Mr. Shear continued, “On July 1, we closed our largest acquisition to date with the acquisition of MeadowWood Behavioral Health. The acquisition opens a new market for the Company in Delaware, again expanding our geographic footprint. MeadowWood is expected to add approximately $15 million in annual PHC revenue, which is an approximate 30% increase over FY 2011 revenues. The Company also anticipates expanding the facility capacity by approximately 40%.”

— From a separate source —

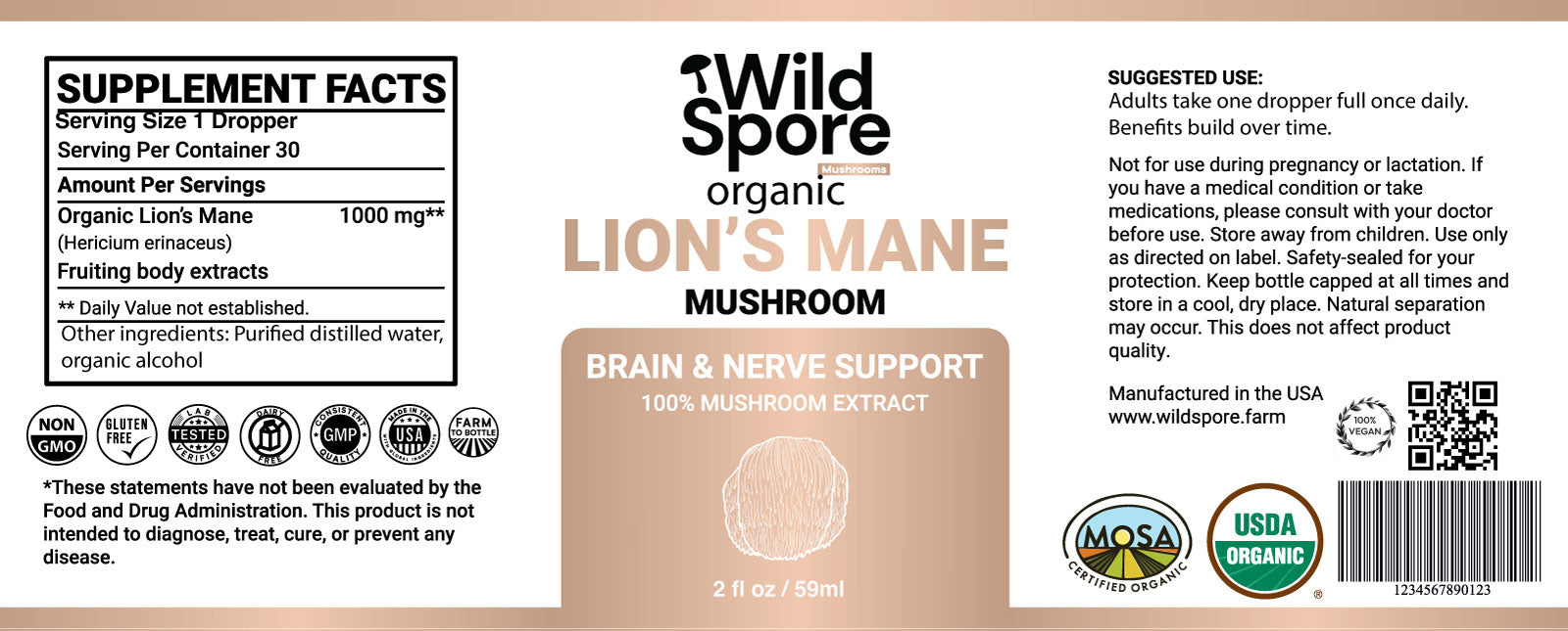 Our USDA Organic Lion's Mane tincture contains a rich spectrum of brain-supporting compounds:

Fiscal Fourth Quarter of 2011 Financial Results
Total net revenues for the three months ended June 30, 2011 increased 20.1% to $16.8 million compared to $14.0 million for the three months ended June 30, 2010. Net patient care revenues increased 17.7% to $15.5 million for the three months ended June 30, 2011 from $13.2 million for the three months ended June 30, 2010. This is primarily due to an overall increase in census at Seven Hills Hospital, Highland Ridge and Harbor Oaks facilities. Contract support services revenue provided by Wellplace increased 57.9% to $1.3 million for the three months ended June 30, 2011 compared to $839,000 for the three months ended June 30, 2010. This increase is due to the expansion of the Wayne County call center contract in December 2010, which increased services provided and payment under the contract.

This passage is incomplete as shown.